(Stored entries)
_ _ _ _
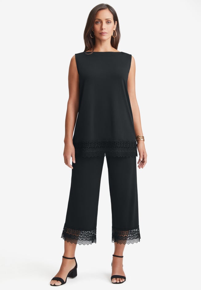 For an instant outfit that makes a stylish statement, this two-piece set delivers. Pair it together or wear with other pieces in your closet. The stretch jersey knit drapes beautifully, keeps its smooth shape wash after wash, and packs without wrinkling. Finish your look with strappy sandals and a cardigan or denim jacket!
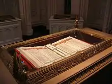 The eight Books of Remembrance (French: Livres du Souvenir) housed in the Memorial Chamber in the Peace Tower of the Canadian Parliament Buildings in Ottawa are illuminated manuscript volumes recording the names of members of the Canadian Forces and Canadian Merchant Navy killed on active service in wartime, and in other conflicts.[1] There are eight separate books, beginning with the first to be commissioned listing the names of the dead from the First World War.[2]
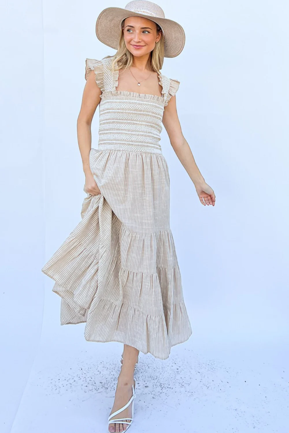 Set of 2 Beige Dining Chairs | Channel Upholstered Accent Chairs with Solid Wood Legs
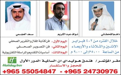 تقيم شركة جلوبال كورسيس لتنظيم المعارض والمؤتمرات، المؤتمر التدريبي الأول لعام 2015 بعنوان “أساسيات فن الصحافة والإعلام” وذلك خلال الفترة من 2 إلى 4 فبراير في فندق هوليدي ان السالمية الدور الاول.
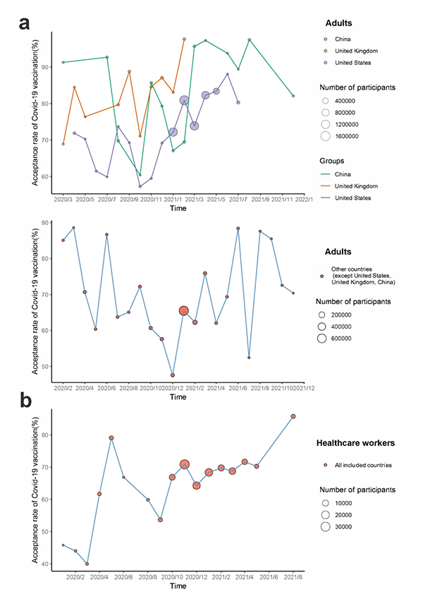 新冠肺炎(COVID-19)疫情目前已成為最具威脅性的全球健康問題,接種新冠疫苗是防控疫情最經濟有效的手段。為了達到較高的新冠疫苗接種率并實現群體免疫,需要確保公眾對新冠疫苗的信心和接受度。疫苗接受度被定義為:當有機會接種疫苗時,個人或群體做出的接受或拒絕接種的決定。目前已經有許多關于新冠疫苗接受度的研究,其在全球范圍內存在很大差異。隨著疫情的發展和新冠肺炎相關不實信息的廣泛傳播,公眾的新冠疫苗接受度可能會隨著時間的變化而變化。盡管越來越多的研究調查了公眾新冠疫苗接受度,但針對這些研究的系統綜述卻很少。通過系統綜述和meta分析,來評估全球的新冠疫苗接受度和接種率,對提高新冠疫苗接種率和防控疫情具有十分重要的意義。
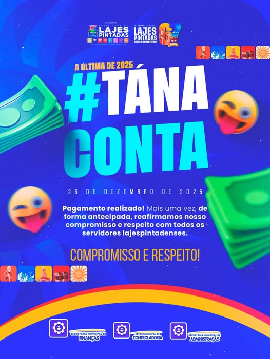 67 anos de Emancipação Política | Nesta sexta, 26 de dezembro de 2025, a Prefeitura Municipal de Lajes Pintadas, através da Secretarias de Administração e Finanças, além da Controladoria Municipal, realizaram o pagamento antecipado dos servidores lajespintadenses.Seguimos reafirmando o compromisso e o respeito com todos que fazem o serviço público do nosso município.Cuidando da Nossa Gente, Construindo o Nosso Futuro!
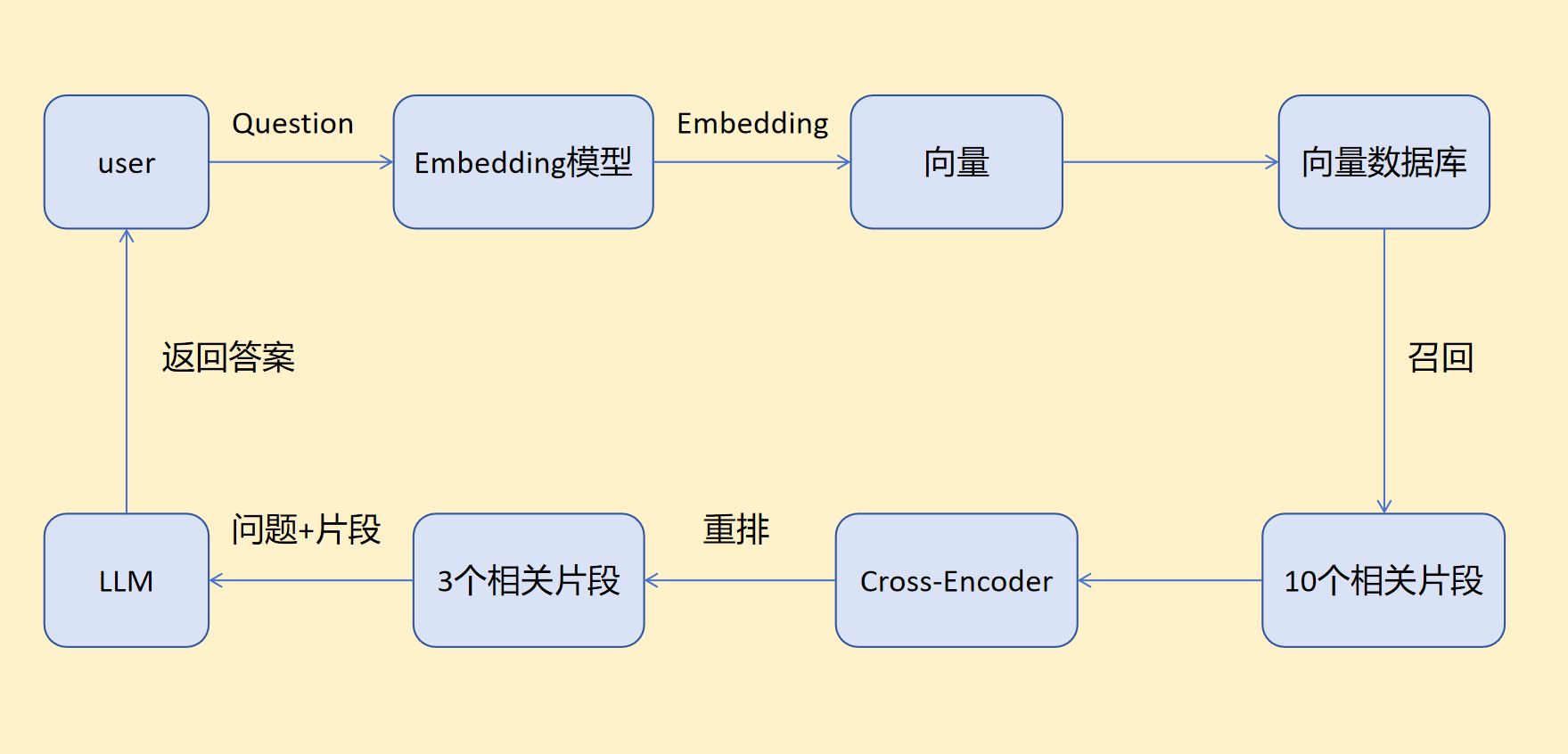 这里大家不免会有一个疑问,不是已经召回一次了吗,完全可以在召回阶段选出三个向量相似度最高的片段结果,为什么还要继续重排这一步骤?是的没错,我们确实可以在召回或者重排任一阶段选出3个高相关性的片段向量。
_ _ _ _
## DIRECTIONS
Could you transcribe exactly the entries above, but only the lines from the one with "The eight Books" through the one with "Set of 2 Beige", and without pictures?

## RESULT
 The eight Books of Remembrance (French: Livres du Souvenir) housed in the Memorial Chamber in the Peace Tower of the Canadian Parliament Buildings in Ottawa are illuminated manuscript volumes recording the names of members of the Canadian Forces and Canadian Merchant Navy killed on active service in wartime, and in other conflicts.[1] There are eight separate books, beginning with the first to be commissioned listing the names of the dead from the First World War.[2]
 Set of 2 Beige Dining Chairs | Channel Upholstered Accent Chairs with Solid Wood Legs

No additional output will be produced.